The stories of Wyatt Earp and company, the shootout at the O.K. Corral, and Geronimo and the Apache Wars are all well known. Clavin, who has written books on Dodge City and Wild Bill Hickok, delivers a solid narrative that usefully links significant events—making allies of white enemies, for instance, in facing down the Apache threat, rustling from Mexico, and other ethnically charged circumstances. The author is a touch revisionist, in the modern fashion, in noting that the Earps and Clantons weren’t as bloodthirsty as popular culture has made them out to be.
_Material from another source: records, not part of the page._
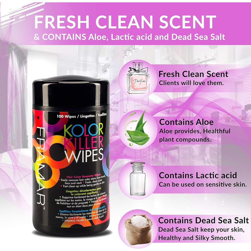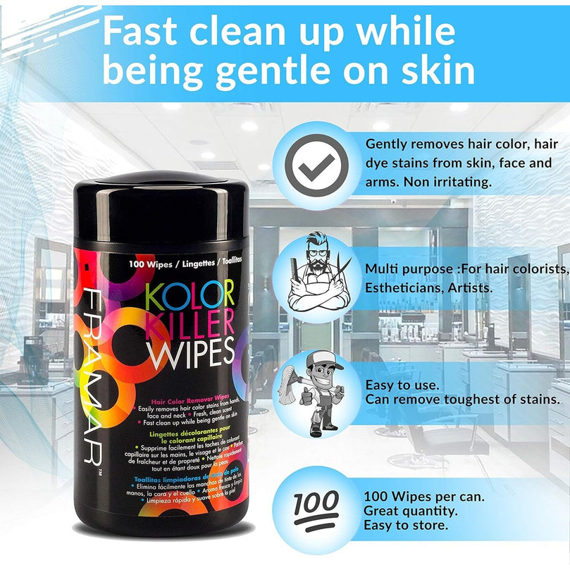 Effective – Gentle cleaning wipes easily remove hair color, temporary hair colour, or semi permanent hair dye stains from hands, arms, face and neck. This hair colour remover can remove even the toughest of stains on your client or yourself. Specially formulated, these hair dye remover wipes effectively and safely remove stains.
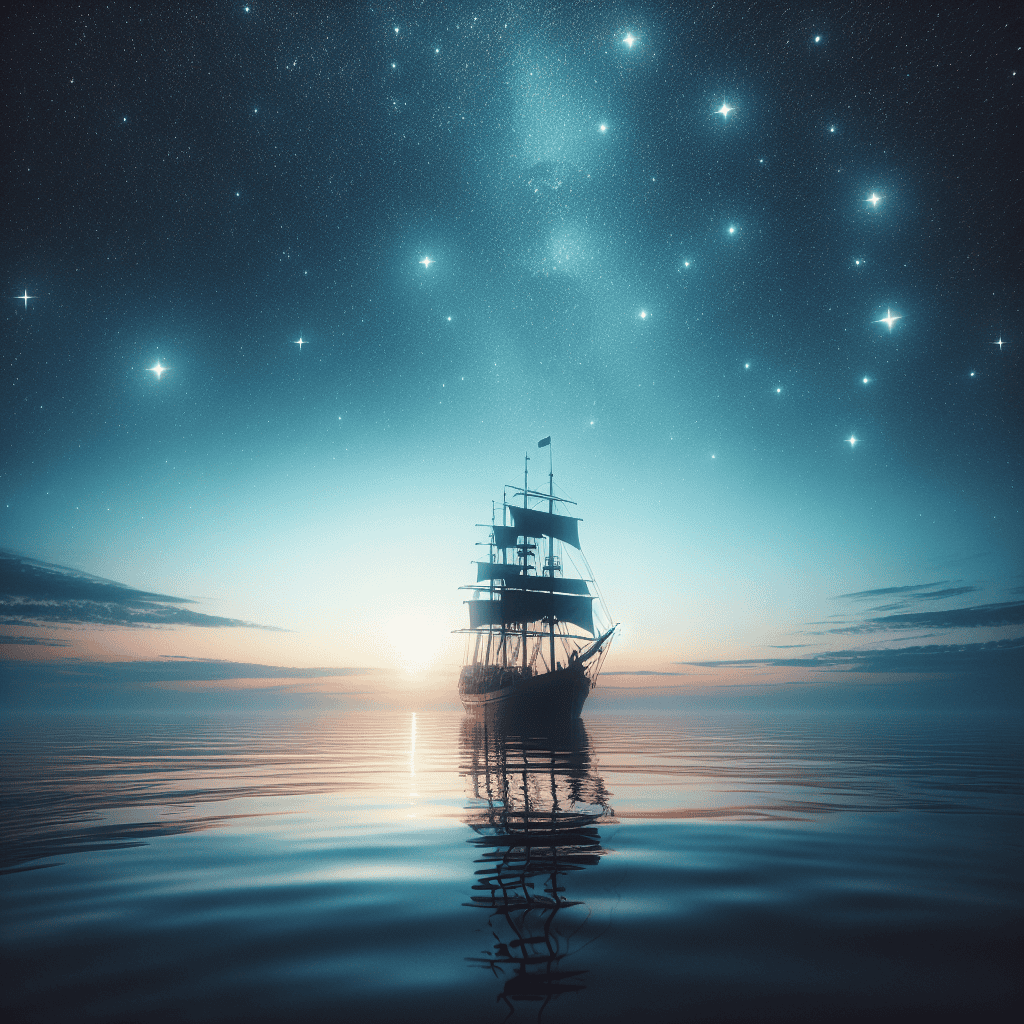 For example: "Under the stars and over the calm sea, the ship sailed gracefully; it was a serene night, perfect for a voyage."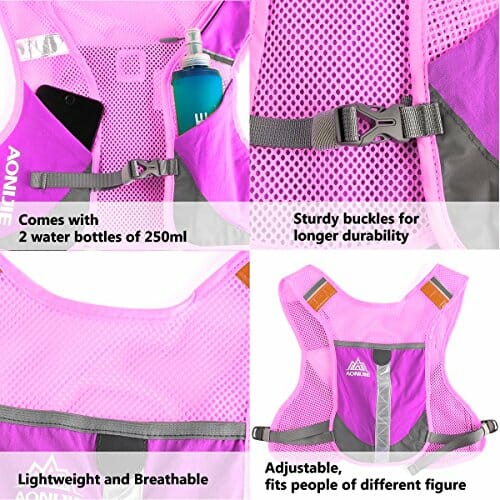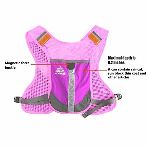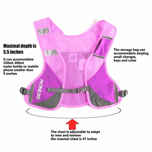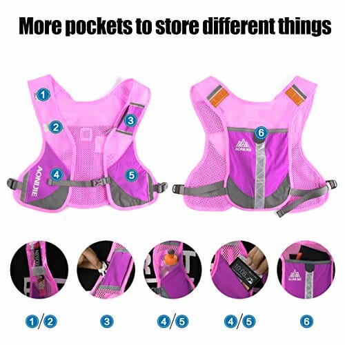 • Z przodu pakietu kamizelki znajdują się 2 małe kieszenie na małe przedmioty, takie jak przekąski, 1 średnia kieszeń z zamkiem błyskawicznym na pieniądze, klucze, monety i zatyczki do uszu oraz 2 duże kieszenie na butelki z wodą lub inne rzeczy mniejsze niż 13 cm. Z tyłu znajduje się również duża głębokość kieszeni 20 cm, do której można włożyć ręcznik lub płaszcz przeciwdeszczowy. Jest bardzo wygodna dla użytkowników.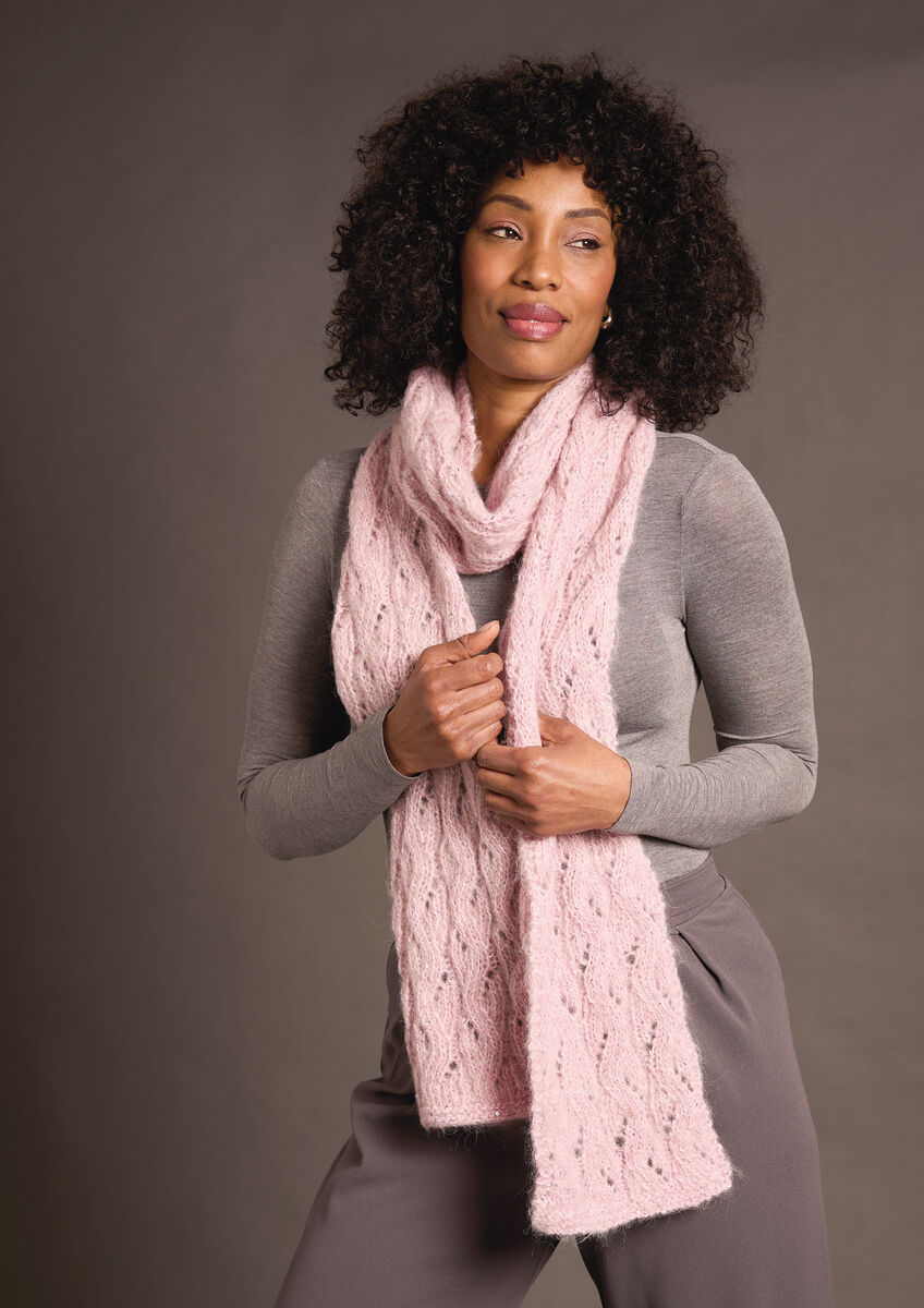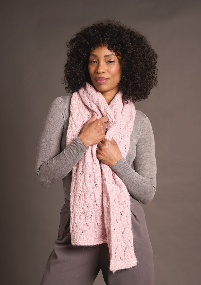 Zopf- und Lochmuster sind eine tolle Kombination und hier harmonieren sie perfekt mit dem dezenten Schimmer des Alpaca Sparkle-Garns. Dieser kuschelige Winterschal von Lisa Richardson ist ein Must-have für deine Garderobe und verleiht dir einen Hauch von Luxus.

For example, Wyatt and Bat Masterson “took the ‘peace’ in peace officer literally and knew that the way to tame the notorious town was not to outkill the bad guys but to intimidate them, sometimes with the help of a gun barrel to the skull.” Indeed, while some of the Clantons and some of the Earps died violently, most—Wyatt, Bat, Doc Holliday—died of cancer and other ailments, if only a few of old age. Clavin complicates the story by reminding readers that the Earps weren’t really the law in Tombstone and sometimes fell on the other side of the line and that the ordinary citizens of Tombstone and other famed Western venues valued order and peace and weren’t particularly keen on gunfighters and their mischief. Still, updating the old notion that the Earp myth is the American Iliad, the author is at his best when he delineates those fraught spasms of violence. “It is never a good sign for law-abiding citizens,” he writes at one high point, “to see Johnny Ringo rush into town, both him and his horse all in a lather.” Indeed not, even if Ringo wound up killing himself and law-abiding Tombstone faded into obscurity when the silver played out.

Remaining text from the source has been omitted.